Further, FLoC operates within the browser itself, on the user’s device, and so is able to assign cohorts without transmitting browsing history to Google or any other party.

The technology remains under development, but has now rolled out as a “developer origin trial” in Google Chrome. The company says it expects FLoC to evolve in line with feedback from this initial period of testing.

Within the last year or so, a number of major browsers have announced plans to block third-party cookies entirely, in an effort to improve user privacy.

Both Firefox and Safari already block cookies outright, but Google has taken much less of a hard line. Although Chrome will also outlaw third-party cookies, the ban won’t take full effect until early 2022.

“When other browsers started blocking third-party cookies by default, we were excited about the direction, but worried about the immediate impact,” wrote Marshall Vale, Product Manager for Privacy Sandbox, in a blog post.

“Excited because we absolutely need a more private web, and we know third-party cookies aren’t the long-term answer.

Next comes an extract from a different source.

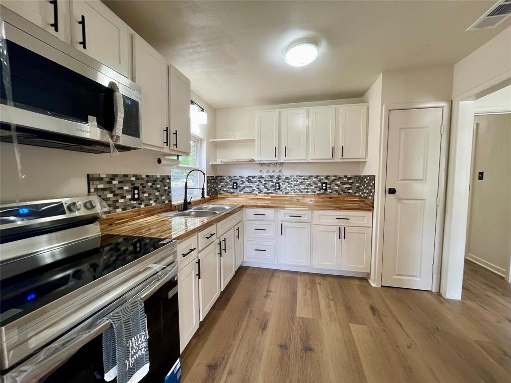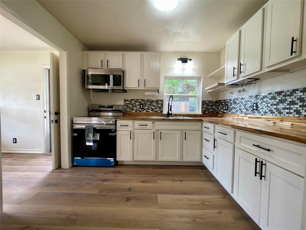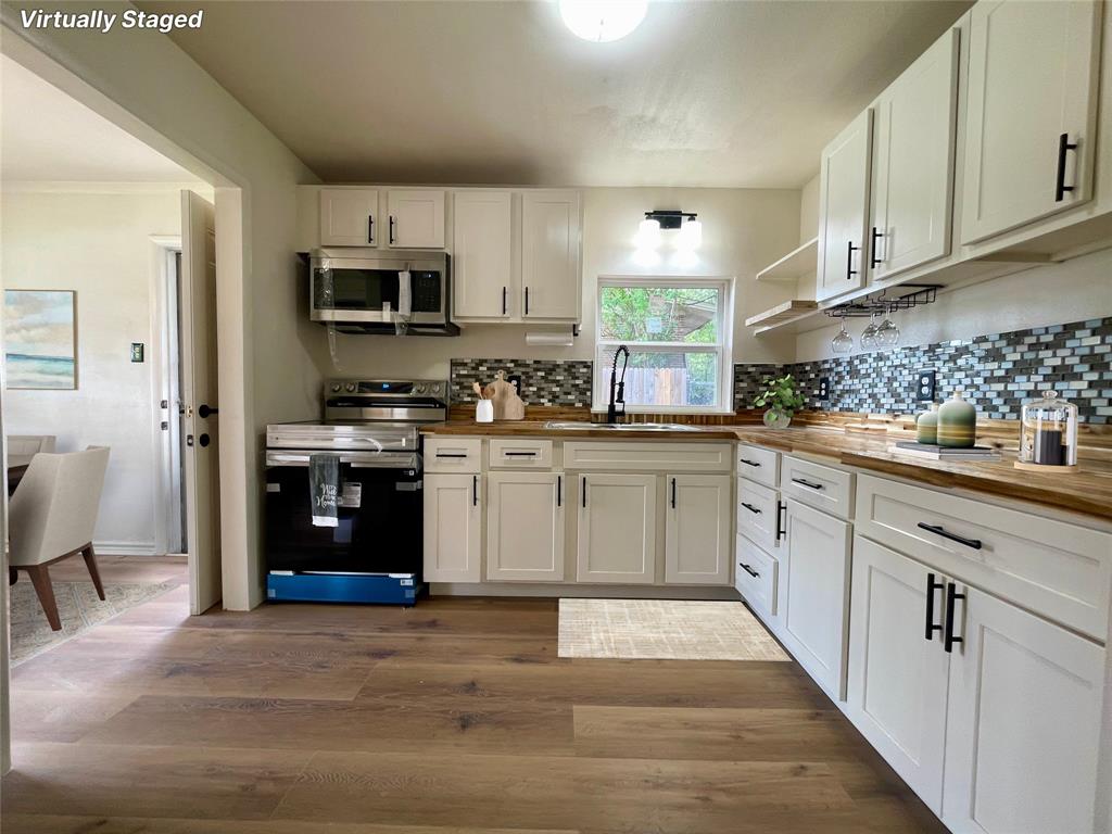Step inside to discover stylish new luxury vinyl flooring throughout—no carpet here! The updated kitchen features water-resistant treated wood countertops, a new electric stove, sleek faucets, and ample space to cook and entertain.

Worried because today many publishers rely on cookie-based advertising to support their content efforts, and we had seen that cookie blocking was already spawning privacy-invasive workarounds that were even worse for user privacy.”

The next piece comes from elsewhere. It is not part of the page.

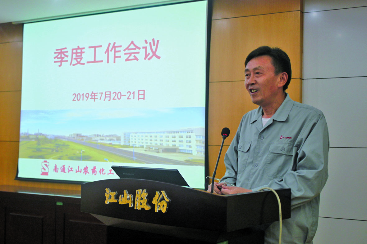 7月20-21日,南通江山農(nóng)藥化工股份有限公司召開2019年7月暨第二季度工作會議。江山股份公司領(lǐng)導(dǎo)及部門負責人、各事業(yè)部班子成員及三級單元負責人出席會議。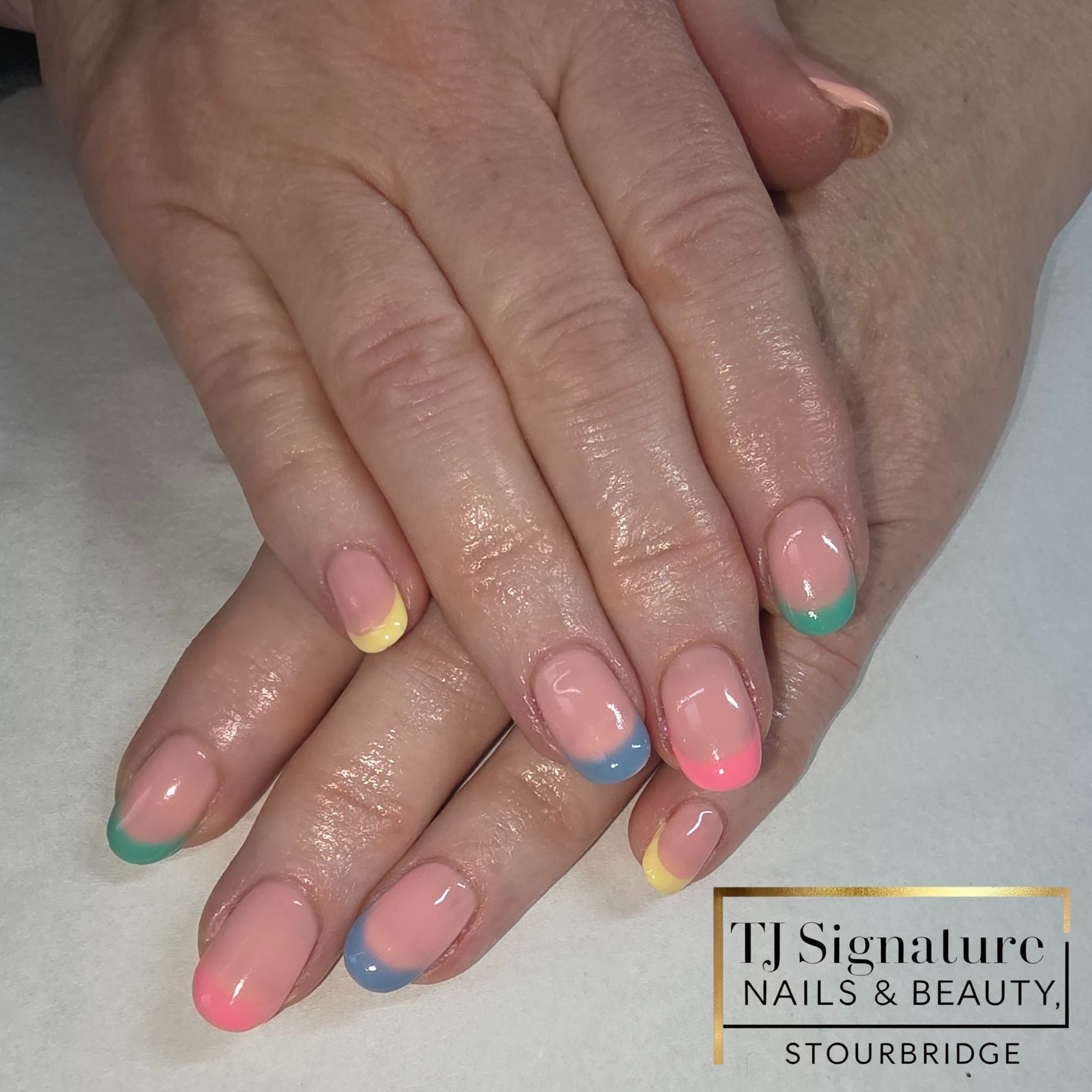 A soft nude base with pastel French tips, combining classic elegance with a subtle pop of colour — perfect for any season.

Without an appropriate alternative in place, Vale claims the elimination of third-party cookies is “irresponsible” and potentially even actively “harmful” to the free and open web.

However, not everyone shares Google’s perspective. A drive to preserve the ability of advertisers to target users, even if only in aggregate, was always bound to raise eyebrows, given the financial incentives at play.

With advertising making up more than 80% of Google’s revenue each year, the company is incentivized to find a way to prop up the online advertising industry in the post-cookies era. Skeptics might suggest Google is simply wielding the preservation of the free and open web as a handy justification.

According to privacy non-profit Electronic Frontier Foundation (EFF), meanwhile, although FLoC will solve a handful of privacy-related issues, others will be created in the process. Essentially, FLoC will give advertisers a different arsenal of tools to play with; it will just be about learning how best to use them.

As FLoC undergoes this first period of testing, we’ll get a better idea of both the positive and negative aspects of the technology, as well as what an eventual mass implementation will look like.

What’s clear, however, is the arrival of FLoC does not mark the end of the debate about web tracking and online privacy; quite the opposite.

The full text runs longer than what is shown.